Meta is seeking a Software Engineer to join their Network.AI Software team within the DC networking organization. This role focuses on developing and maintaining the NCCL (NVIDIA Collective Communications Library) software stack, which is crucial for multi-GPU and multi-node data communication in distributed ML training. The position is particularly centered around improving the reliability and performance of large-scale GenAI/LLM training systems.
The role involves working with PyTorch integration and is directly involved with Meta's GPU-based ML workloads. The team's mission is to enable Meta-wide ML products and innovations by providing an observable, reliable, and high-performance distributed AI/GPU communication stack. Current focus areas include building customized features, software benchmarks, and performance tuners to enhance distributed ML reliability and performance.
This is an excellent opportunity for someone with strong technical expertise in distributed systems, machine learning infrastructure, and high-performance computing. The ideal candidate should have experience with GPU architectures, CUDA programming, and deep learning frameworks. The position offers competitive compensation including base salary, bonus, equity, and comprehensive benefits.

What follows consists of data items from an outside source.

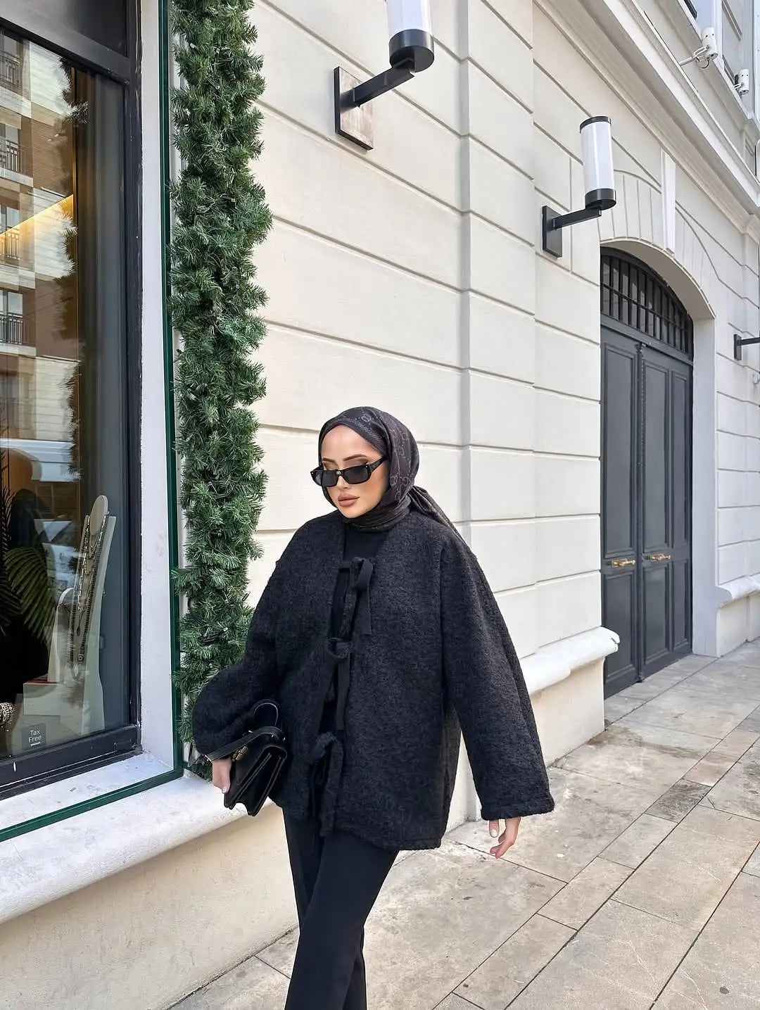 نسّقي Veste Kimono Lamis مع بنطال أسود وحذاء أنيق، وأكملي الإطلالة بحجاب بسيط لإحساس بالفخامة اليومية.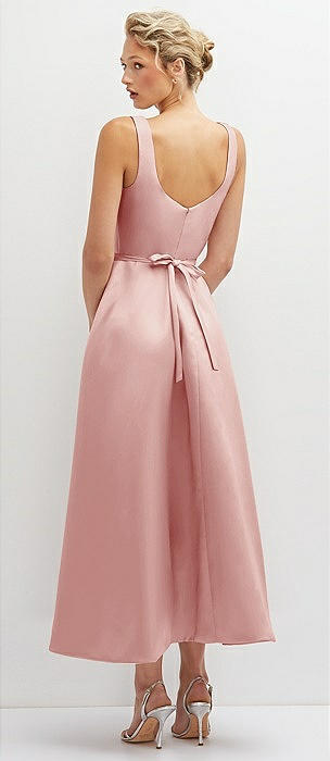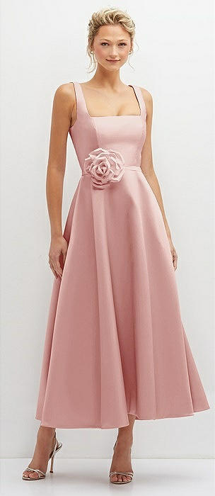 Square Neck Satin Midi Dress with Full Skirt & Flower Sash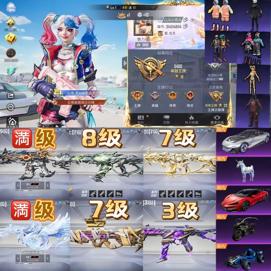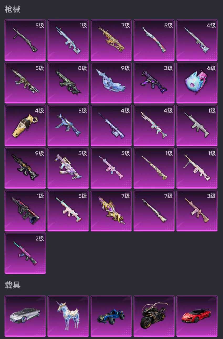 红装木乃伊/新小丑女/6号树人/SS1/6把9级特效枪/满级墨龙天鹅/5种不同载具类型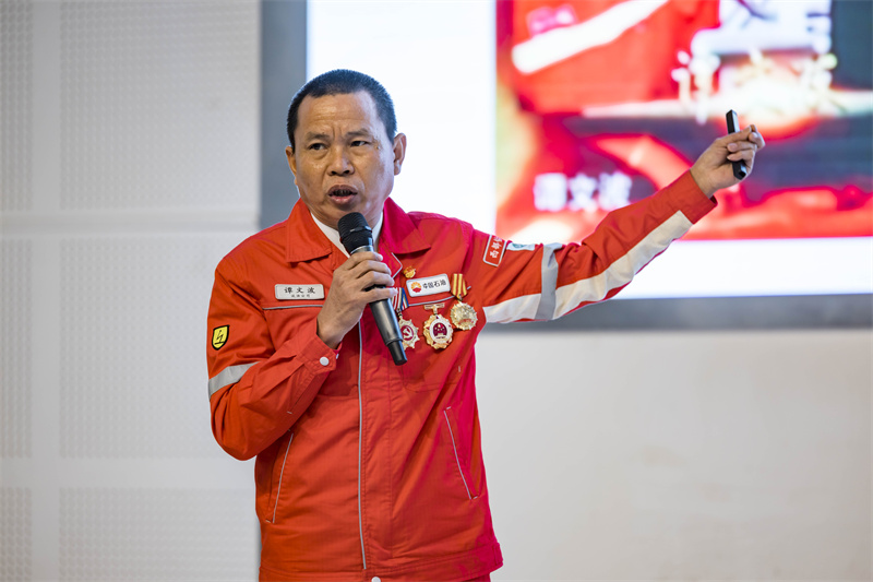 全國勞動模范、大國工匠、中國石油西部鉆探工程有限公司試油公司集團首席技師譚文波講述“我為祖國獻石油”的故事。穆拉提江?沙吾爾丁攝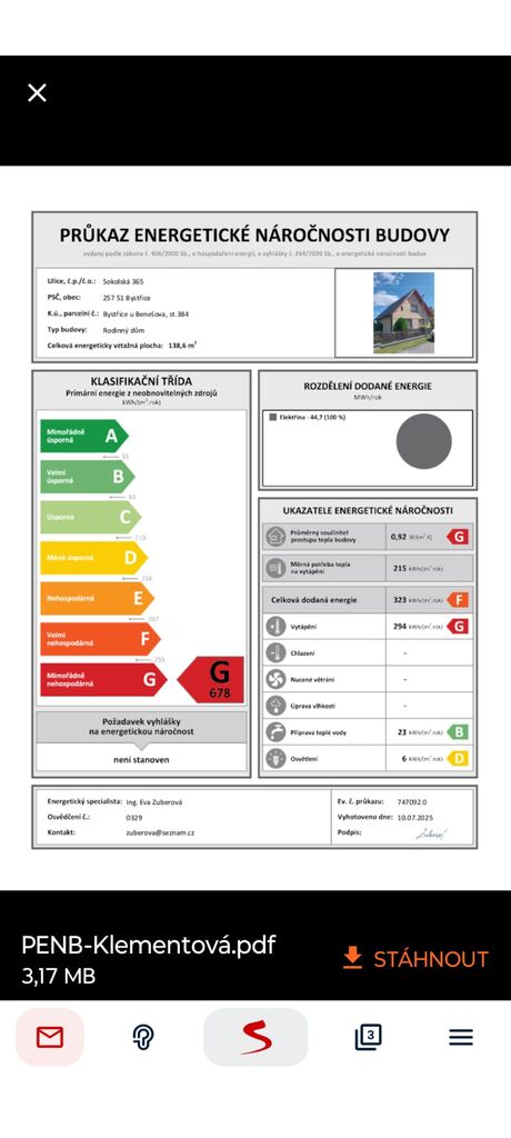 - Energetická náročnost budovy: G - Mimořádně nehospodárná

Working at Meta means being at the forefront of AI infrastructure development, with the opportunity to impact billions of users through Meta's various products and platforms. The role combines deep technical challenges in distributed systems with cutting-edge machine learning applications, particularly in the rapidly evolving field of large language models and generative AI.
The position requires collaboration with various teams across Meta's infrastructure organization, working on solutions that scale across Meta's large GPU fleet. This is a chance to work on some of the most challenging problems in distributed ML training while contributing to the development of next-generation AI systems.